The New York World says:
“Undeniably, the black population of the United States has just grievances. So also has the white population in the United States. Race prejudice is here as it is in Europe, and blacks are not the only sufferers. There is brutal tyranny in industry, but the blacks are not the only victims. There are social limitations that are cruel and inexcusable, but the blacks are not the only ones against whom the gates are shut.
“This is a world in which true men give and take. It is a world in which all must make allowances. It is a world in which, after all, men are judged not so much by race or nationality or possessions as by personal merit. Otherwise, how could a Booker Washington, born a Virginia slave, have ‘stood before kings’ and associated for the greater part of his life with the earth’s greatest and best?
“We do not condemn the American men of color who have made this protest. We simply remonstrate with them. They are asking more than a white man’s chance, and in the circumstances that is inadmissible.”

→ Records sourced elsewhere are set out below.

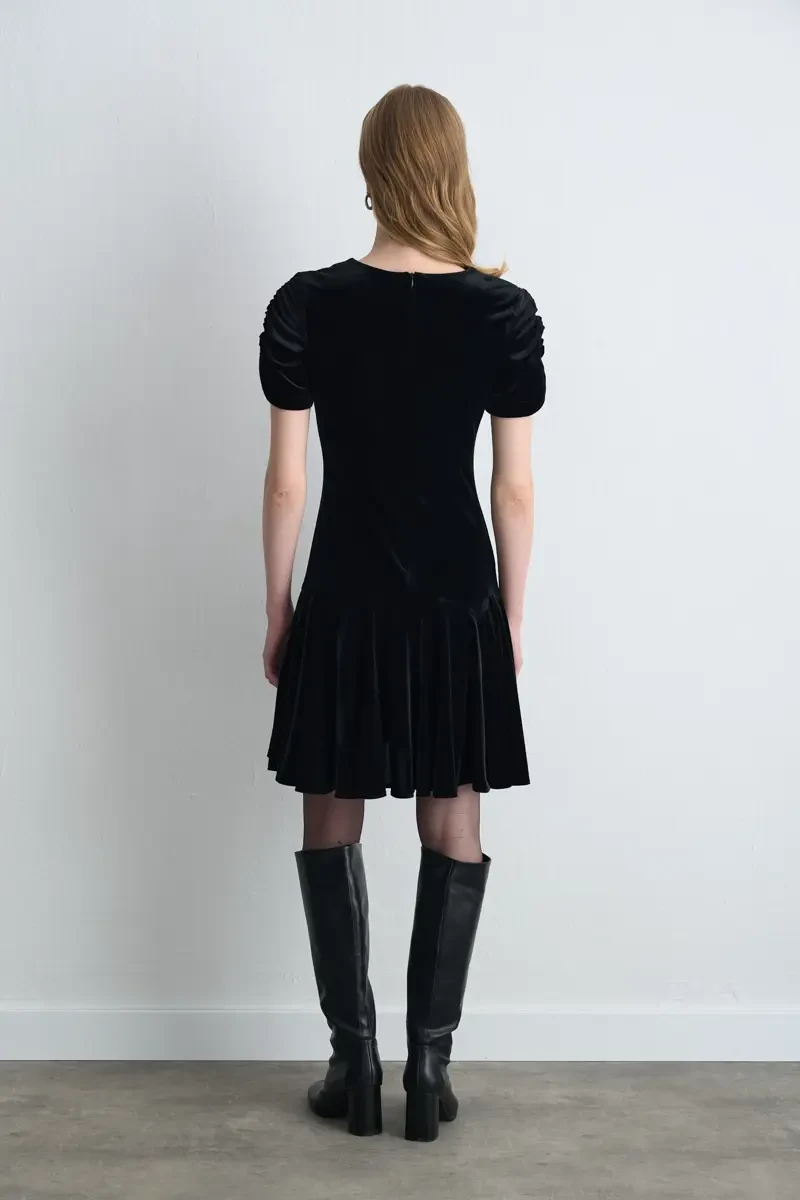 The shimmer of velvet creates a feminine stance. The mini length adds a modern and energetic vibe. The V-neck cut forms a delicate neckline. The black tone reflects timeless elegance. A striking option for special events and evening styles.
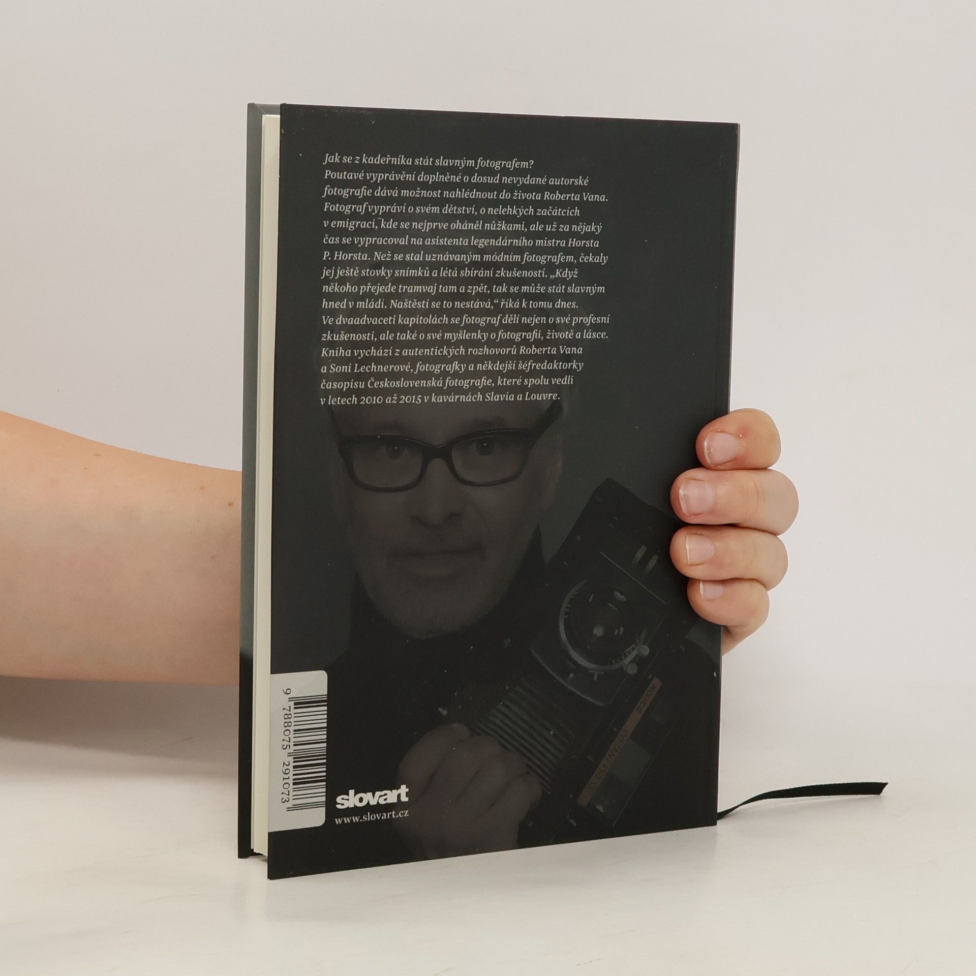 Jak se Robert Vano stal slavným fotografem… nejen to se dozvíte ve dvaceti dvou kapitolách. Poutavé vyprávění, doplněné dosud nepublikovanými fotografiemi, dává čtenářům možnost nahlédnout do života této charismatické osobnosti, připomene časy autorova dětství i nelehkých začátků v emigraci v USA, kde začínal jako asistent legendního mistra odboru Horsta P. Horsta. Robert Vano se v knize podělí nejen o profesionální zkušenosti, ale i o svoje myšlenky o práci, fotografii a o životě. Kniha vychází z autentických rozhovorů Roberta Vana a Soni Lechnerové, bývalé šéfredaktorky časopisu Československá fotografie, které vznikali v letech 2010 až 2015 při jejich setkáních v pražských kavárnách Slavie a Louvre.
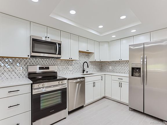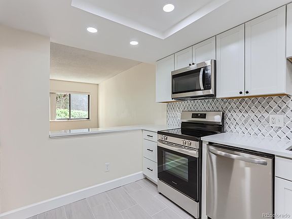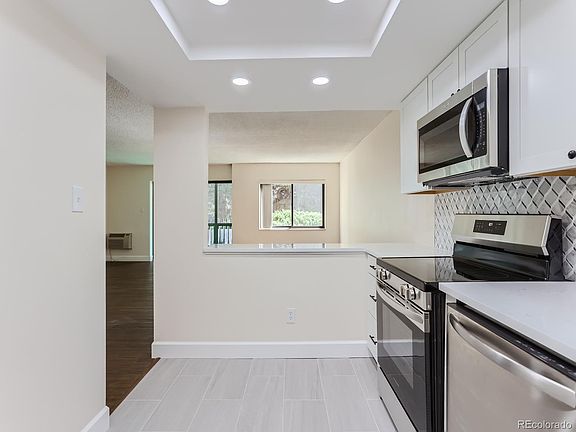 Discover the convenience of this first floor, single-level condo offering a stair-free lifestyle ideal for easy living featuring a Gorgeous Remodel! Here's your opportunity to be a part of the Heather Gardens community with this ground-floor 2 bedroom/2 bath, fully remodeled condo! It is a meticulously updated end unit, with large screened in patio hidden by mature trees & developed landscaping. Kitchen includes white shaker cabinets, brand new stainless steel appliances, quartz counters, brand new LED canned lights, sit-in bar for stool space and fresh tile flooring. A large living room with dedicated dining room space has plenty of room for entertaining and a brand new electric fireplace as a perfect centerpiece & boasts a brand new built-in dining room sideboard. The 2nd bedroom patio door opens to the patio making the room bright and cheery from southern exposure. The primary suite is 12x19 with an abundance of closet space and features an attached bathroom suite with radiant floor heating, great for Colorado winters! The in-unit washer/dryer is included making laundry a breeze & convenient with brand new cabinets. Located in a secure building and includes an under building reserved parking space (#39 WITH a cowboy storage locker) along with a storage closet down the hall for added benefit! The Heather Gardens Community features a 50,000 sq. ft clubhouse with restaurant, golf, indoor and outdoor pools, fitness room and so much more. Come be a part of this great 55+ active community today.
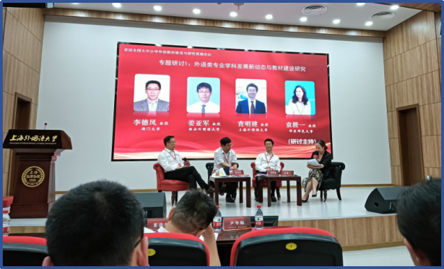 此外,来自全国其它重点外国语大学和重点师范院校教材编写与研究的知名教授、研究者们就“新课标背景下新课程新教材实施研究”“新形态外语教材建设路径研究”进行了分组探讨与交流。曾碧锋副教授和雷琬瑢博士向会议方提交了“语言规划视野下初中英语教科书中外来词汇的教学策略研究”一文,文中主要观点得到了与会专家、教授的肯定与指导。

The Boston Globe, however, thinks that “these and other complaints are backed by educated Negroes, who demand that the old world shall know their wrongs. They deny that Dr. Washington is giving the right impression of the situation in this country. It would seem to the average person that admittedly there is much truth in the catalog of wrongs the association recites.”

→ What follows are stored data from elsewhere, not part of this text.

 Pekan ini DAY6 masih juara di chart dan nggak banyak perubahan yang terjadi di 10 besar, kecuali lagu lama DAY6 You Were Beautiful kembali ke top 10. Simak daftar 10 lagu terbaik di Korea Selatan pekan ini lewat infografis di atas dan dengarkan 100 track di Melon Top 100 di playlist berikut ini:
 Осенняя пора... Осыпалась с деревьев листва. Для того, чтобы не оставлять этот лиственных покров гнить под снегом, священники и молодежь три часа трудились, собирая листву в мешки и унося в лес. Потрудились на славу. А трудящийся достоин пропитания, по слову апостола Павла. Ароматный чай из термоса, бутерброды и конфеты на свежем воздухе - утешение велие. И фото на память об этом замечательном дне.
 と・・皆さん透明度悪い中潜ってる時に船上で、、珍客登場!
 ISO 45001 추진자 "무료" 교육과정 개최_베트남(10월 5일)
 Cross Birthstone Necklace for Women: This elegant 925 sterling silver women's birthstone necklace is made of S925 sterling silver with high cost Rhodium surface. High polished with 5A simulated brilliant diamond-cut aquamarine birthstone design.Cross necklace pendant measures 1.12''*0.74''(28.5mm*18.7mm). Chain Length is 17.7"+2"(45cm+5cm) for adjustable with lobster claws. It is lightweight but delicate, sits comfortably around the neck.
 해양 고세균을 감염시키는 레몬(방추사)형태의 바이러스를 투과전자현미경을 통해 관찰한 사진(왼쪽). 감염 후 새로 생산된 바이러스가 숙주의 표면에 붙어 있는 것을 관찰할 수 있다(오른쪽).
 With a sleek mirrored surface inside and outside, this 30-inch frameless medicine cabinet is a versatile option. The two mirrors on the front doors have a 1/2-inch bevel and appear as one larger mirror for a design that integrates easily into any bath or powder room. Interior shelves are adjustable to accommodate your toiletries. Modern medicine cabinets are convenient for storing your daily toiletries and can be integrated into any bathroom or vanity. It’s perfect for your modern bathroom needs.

The Brooklyn Times, too, acknowledges that “the lot of the colored American is a hard one at best, but there is nothing to be gained by complaining over conditions and prejudices that cannot be altered or eradicated in the lifetime of a single generation. There are obstacles in the path of the Afro-American, even the most intelligent and aspiring, of which the meanest white man can hardly form an adequate conception; the only thing the Negro can do is to make the best of hard conditions and do his utmost by his individual achievements to make the handicap of his color forgotten.
“It is not surprising, however, that to many ambitious colored citizens patience sometimes ceases to seem a virtue.”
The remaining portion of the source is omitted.